Keaton posts 902% gross profit rise to R209m
Following a year in which Keaton Energy says it delivered on its promises to “be profitable, be safe and grow”, the coal producer has delivered a solid set of financial and production results, posting triple-digit percentage increases in gross profit, earnings and operating profit for the year ended March 31.
A “delighted” Keaton CEO Mandi Glad told investors last week that the company had realised an “impressive” 902% increase in gross profit to R219-million on the back of a 49% increase in revenue to R1.4-billion, up from R919-million in the prior year.
Similarly, headline earnings a share improved by 200%, swinging to 30.3c for the 12 months in comparison with a loss of 30.2c in the previous fiscal period, while net asset value a share increased by 14% to 408c.
“We attribute this performance to our Vanggatfontein colliery, in KwaZulu-Natal, reaching steady-state, leading to increased deliveries of both thermal coal to [energy utility] Eskom and 5-seam metallurgical coal to domestic customers,” she commented.

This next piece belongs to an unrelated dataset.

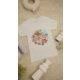 El color es muy bonito al natural, como la foto. El tejido es suave y de buena calidad. Sin defectos en el tintado, ni hilos sueltos o descosidos. Bien la impresión. Los bordes de las letras y el dibujo son nítidos, y el color contrasta muy bien con el de la camiseta.

Cash from operating activities increased 117% from R192-million in 2013 to R417-million in the year under review.
Cash and cash equivalents grew by R50-million, up 255%, at the end of the year owing to improved operational cash flow.
The group’s flagship Vanggatfontein colliery delivered 2.2-million tons of washed 2- and 4-seam thermal coal to Eskom, an increase of 45% on the prior year’s 1.5-million tons, while 5-seam metallurgical coal sales saw an increase of 49% to 97 635 t, up from 65 661 t in the prior period.
Increased use of the 5-seam plant for own coal allowed limited washing of other coals, with only 145 785 t being toll washed and 10 328 t of B-grade market development product being produced.
Discard and slurry sales increased by 86% from 454 083 t to 844 334 t.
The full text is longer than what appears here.